Lu and Ng (2010) uses dynamic conditional random
fields to perform both sentence boundary and
sentence type prediction. They achieved promising
results on both English and Chinese transcribed
speech texts. The above work only exploits local features, so they were limited to capturing
long range dependencies for punctuation
prediction.
It is natural to incorporate global knowledge,
such as syntactic information, to improve punctuation
prediction performance. Roark et al. (2006)
use a rich set of non-local features including parser
scores to re-rank full segmentations. Favre et
al. (2008) integrate syntactic information from a
PCFG parser into a log-linear and combine it with
local features for sentence segmentation. The
punctuation prediction in these works is performed
as a post-procedure step of parsing, where
a parse tree needs to be built in advance. As their
parsing over the stream of words in transcribed
speech text is exponentially complex, their approaches
are only feasible for short input processing.
Unlike these works, we incorporate punctuation
prediction into the parsing which process
left to right input without length limitations.

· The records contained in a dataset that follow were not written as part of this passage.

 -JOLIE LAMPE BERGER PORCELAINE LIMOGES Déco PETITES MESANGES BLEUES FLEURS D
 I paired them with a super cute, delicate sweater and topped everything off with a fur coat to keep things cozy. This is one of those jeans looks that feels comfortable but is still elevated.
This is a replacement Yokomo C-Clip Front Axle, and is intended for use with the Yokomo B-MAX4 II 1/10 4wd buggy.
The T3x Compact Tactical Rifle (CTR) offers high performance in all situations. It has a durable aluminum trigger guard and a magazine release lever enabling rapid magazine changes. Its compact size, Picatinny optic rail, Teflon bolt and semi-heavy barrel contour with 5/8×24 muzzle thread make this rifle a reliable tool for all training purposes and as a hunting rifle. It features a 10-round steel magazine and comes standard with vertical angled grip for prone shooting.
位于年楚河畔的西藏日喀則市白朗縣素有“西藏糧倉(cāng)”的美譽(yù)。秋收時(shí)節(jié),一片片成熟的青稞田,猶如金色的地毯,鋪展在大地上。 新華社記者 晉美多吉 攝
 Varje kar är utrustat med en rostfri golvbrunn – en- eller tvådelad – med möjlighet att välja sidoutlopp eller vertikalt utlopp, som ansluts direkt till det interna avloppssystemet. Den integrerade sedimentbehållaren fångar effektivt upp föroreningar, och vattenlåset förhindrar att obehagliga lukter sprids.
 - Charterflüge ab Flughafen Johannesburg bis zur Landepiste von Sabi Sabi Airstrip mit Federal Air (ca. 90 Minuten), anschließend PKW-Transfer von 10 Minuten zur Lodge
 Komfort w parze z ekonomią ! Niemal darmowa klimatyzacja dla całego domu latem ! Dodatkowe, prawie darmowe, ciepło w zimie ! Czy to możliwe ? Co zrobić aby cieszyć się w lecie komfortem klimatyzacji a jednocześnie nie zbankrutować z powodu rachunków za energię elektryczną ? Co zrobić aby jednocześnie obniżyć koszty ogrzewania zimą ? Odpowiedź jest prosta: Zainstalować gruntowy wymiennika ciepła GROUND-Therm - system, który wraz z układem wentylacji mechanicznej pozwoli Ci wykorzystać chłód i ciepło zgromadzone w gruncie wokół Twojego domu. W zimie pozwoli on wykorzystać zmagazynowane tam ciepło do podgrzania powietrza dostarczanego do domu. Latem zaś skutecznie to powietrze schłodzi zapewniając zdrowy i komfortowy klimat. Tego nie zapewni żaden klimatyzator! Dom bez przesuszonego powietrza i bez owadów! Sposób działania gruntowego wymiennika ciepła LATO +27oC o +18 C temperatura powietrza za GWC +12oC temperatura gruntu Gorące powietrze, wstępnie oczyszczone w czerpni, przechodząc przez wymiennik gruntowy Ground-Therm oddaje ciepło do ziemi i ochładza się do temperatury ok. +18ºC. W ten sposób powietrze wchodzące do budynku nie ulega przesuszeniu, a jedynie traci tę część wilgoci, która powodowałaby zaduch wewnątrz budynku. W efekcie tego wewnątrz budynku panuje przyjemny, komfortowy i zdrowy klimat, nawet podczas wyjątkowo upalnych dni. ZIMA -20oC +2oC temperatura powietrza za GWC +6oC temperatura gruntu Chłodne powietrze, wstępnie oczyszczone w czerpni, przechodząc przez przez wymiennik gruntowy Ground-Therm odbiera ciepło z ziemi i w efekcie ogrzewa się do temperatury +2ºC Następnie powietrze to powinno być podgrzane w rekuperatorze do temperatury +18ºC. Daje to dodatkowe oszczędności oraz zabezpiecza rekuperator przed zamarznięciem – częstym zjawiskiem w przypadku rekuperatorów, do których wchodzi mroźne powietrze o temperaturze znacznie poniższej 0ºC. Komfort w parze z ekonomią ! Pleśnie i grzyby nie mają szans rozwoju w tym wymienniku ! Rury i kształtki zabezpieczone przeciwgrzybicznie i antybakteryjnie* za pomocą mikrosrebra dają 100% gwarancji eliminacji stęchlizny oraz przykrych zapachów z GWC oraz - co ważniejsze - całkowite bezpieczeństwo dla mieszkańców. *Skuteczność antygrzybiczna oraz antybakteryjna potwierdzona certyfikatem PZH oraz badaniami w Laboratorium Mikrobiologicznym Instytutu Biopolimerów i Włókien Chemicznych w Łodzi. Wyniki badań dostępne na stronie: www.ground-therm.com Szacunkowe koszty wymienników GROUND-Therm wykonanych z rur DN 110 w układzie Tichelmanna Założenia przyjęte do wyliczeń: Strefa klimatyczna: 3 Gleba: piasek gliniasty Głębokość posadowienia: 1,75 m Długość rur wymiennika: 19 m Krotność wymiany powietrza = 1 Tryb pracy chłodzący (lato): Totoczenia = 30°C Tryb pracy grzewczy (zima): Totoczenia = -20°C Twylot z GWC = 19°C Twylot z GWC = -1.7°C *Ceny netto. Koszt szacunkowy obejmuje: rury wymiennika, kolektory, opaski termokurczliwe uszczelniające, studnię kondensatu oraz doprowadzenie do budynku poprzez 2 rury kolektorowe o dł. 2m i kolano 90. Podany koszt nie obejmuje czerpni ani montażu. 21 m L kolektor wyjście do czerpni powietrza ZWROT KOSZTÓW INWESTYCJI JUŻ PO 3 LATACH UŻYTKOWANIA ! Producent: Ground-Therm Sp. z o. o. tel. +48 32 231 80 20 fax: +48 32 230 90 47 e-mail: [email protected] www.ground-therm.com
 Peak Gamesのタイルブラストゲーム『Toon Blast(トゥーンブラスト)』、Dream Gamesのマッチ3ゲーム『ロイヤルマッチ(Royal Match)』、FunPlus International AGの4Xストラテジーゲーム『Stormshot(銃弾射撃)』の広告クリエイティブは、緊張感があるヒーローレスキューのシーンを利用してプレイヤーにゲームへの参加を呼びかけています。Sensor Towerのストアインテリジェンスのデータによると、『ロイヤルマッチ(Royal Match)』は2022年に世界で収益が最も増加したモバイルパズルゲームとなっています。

Numerous dependency parsing algorithms
have been proposed in the natural language processing
community, including transition-based
and graph-based dependency parsing. Compared
to graph-based parsing, transition-based parsing
can offer linear time complexity and easily leverage
non-local features in the models (Yamada and
Matsumoto, 2003; Nivre et al., 2006b; Zhang and
Clark, 2008; Huang and Sagae, 2010). Starting
with the work from (Zhang and Nivre, 2011), in
this paper we extend transition-based dependency
parsing from the sentence-level to the stream of
words and integrate the parsing with punctuation
prediction.
Joint POS tagging and transition-based dependency
parsing are studied in (Hatori et al.,
2011; Bohnet and Nivre, 2012). The improvements
are reported with the joint model compared
to the pipeline model for Chinese and other richly
inflected languages, which shows that it also
makes sense to jointly perform punctuation prediction
and parsing, although these two tasks of
POS tagging and punctuation prediction are different
in two ways: 1). The former usually works
on a well-formed single sentence while the latter
needs to process multiple sentences that are very
lengthy. 2). POS tags are must-have features to
parsing while punctuations are not. The parsing
quality in the former is more sensitive to the performance
of the entire task than in the latter.